Hewa Bora Airways Sarl (operating as Hewa Bora Airways) was the national airline of the Democratic Republic of the Congo based in Barumbu, Kinshasa, Democratic Republic of the Congo. It was one of Congo's largest airlines and operated regional and domestic services. Its main base was N'djili Airport. "Hewa bora" is Swahili for "fresh air". The company slogan was N°1 in Democratic Republic of the Congo.

Hewa Bora Airways had 1,100 employees in March 2007.

Operations were suspended after the 2011 crash of Hewa Bora Airways Flight 952, and the airline is now defunct. The remains of the business were taken over by a new airline, FlyCongo, which in turn merged with the Compagnie Africaine d'Aviation only six months after it was started up.

== History ==
The airline was established and started operations in 1998 with the joining together of Zaire Airlines, Zaire Express, and Congo Airlines.
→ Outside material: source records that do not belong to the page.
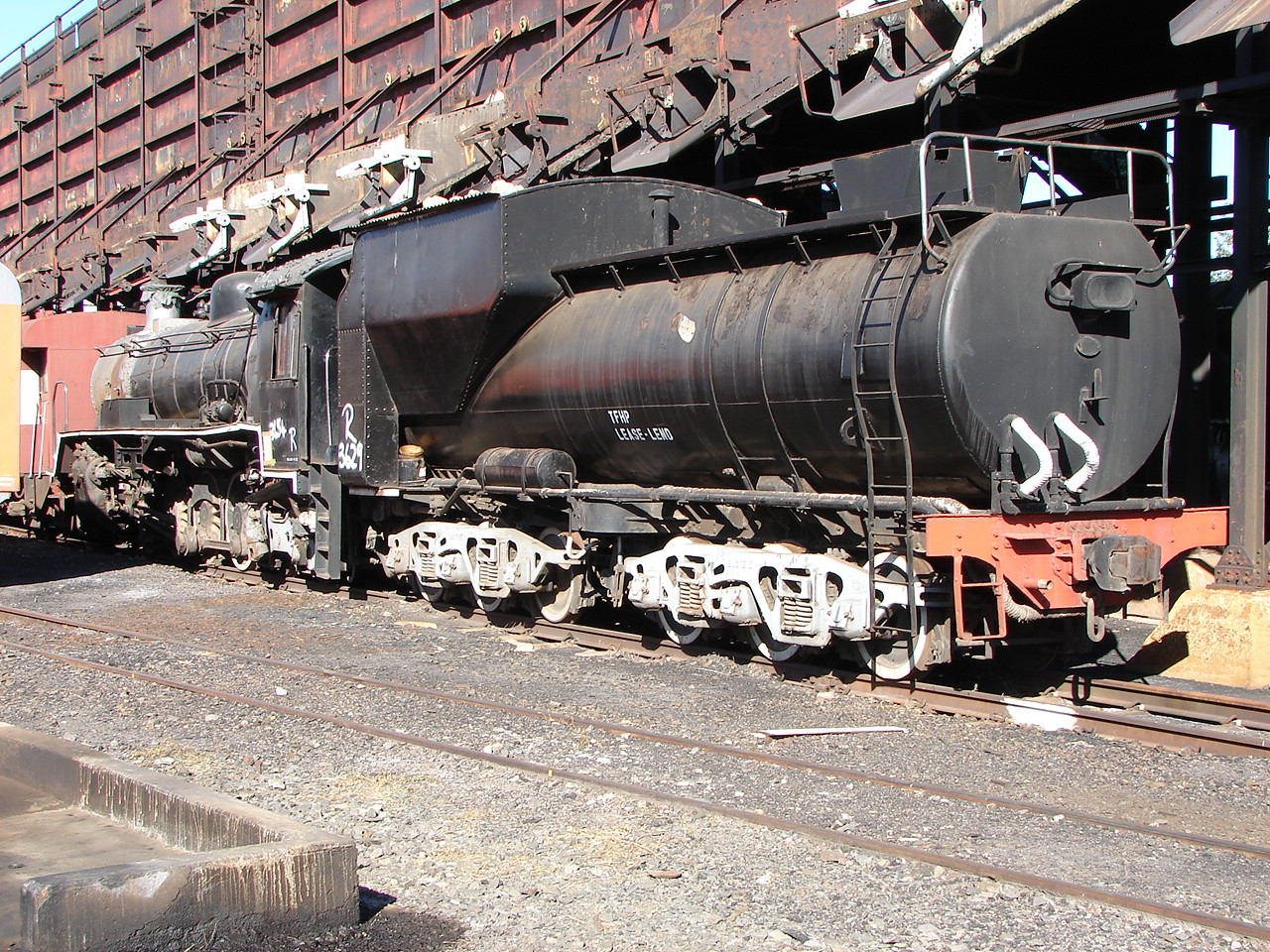 SAR Class 24 3654 (2-8-4) Builder's Number: NBL 26366 Location: Beaconsfield, Kimberley, Northern Cape
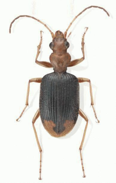 ZooKeys - Anchonoderus apicalis Cut-out from original (A-synopsis-of-the-tribe-Lachnophorini-with-a-new-genus-of-Neotropical-distribution-and-a-revision-zookeys-430-001-g003.jpg) shown below
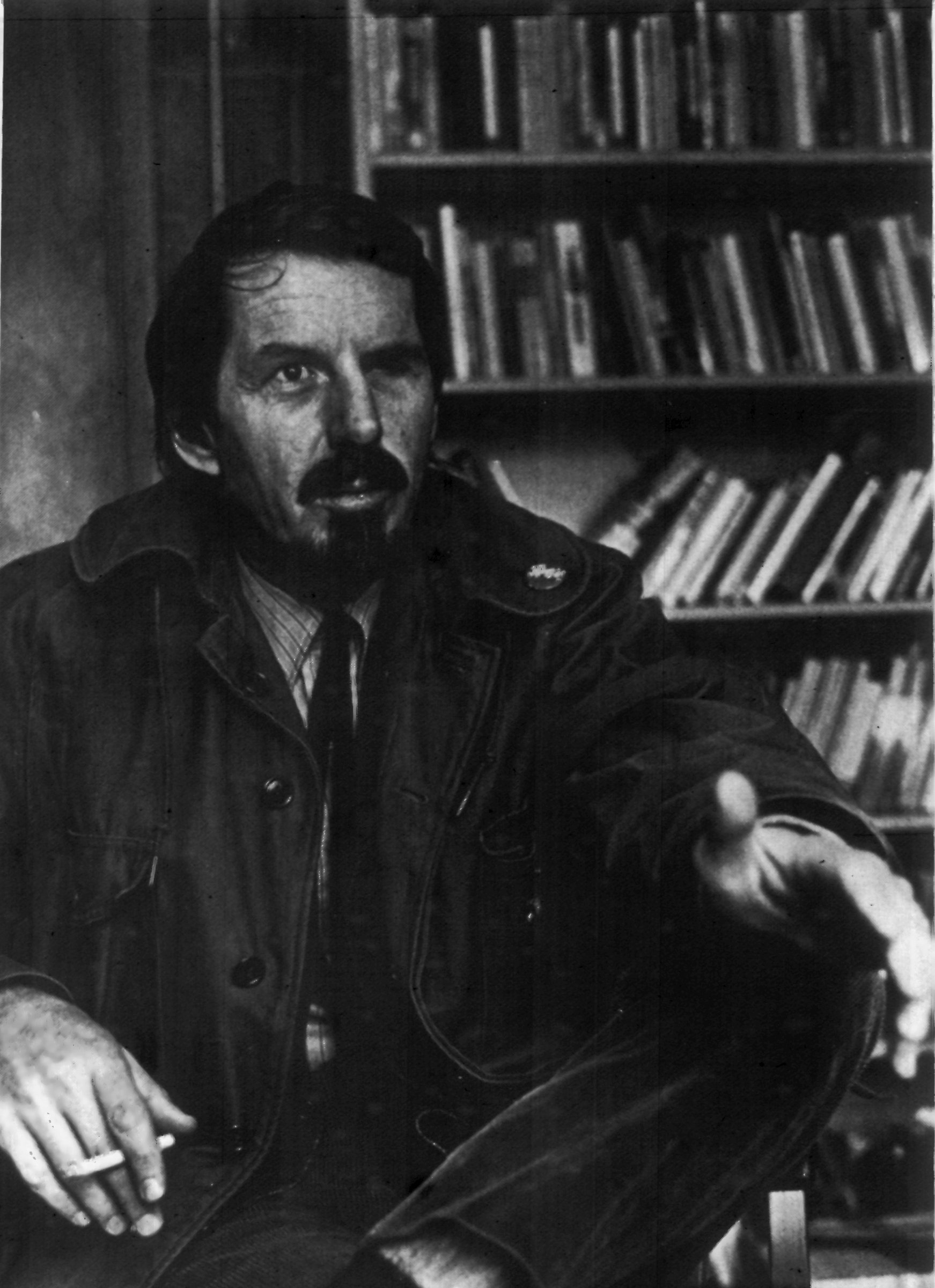 Robert Creeley, from the 1970 Buffalonian (University at Buffalo student yearbook)

On 1 November 2007, HBA (51%) and Brussels Airlines subsidiary Pan African Airlines (49%) announced a new domestic partnership to be called AirDC, to operate BAe 146-200 and Boeing 737 aircraft, principally to Lubumbashi, Mbuji-Mayi, Brazzaville, and Douala. This project was cancelled because of disagreements between Brussels Airlines and Hewa Bora. On 15 December 2009, Brussels Airlines announced they were working on a new airline in the Congo. The airline's name was Korongo; it was launched without Hewa Bora and started operations during 2012, suspending all operations during 2015.

On 24 June 2009, the new website of Hewa Bora Airways went online, after not having been updated since 2005.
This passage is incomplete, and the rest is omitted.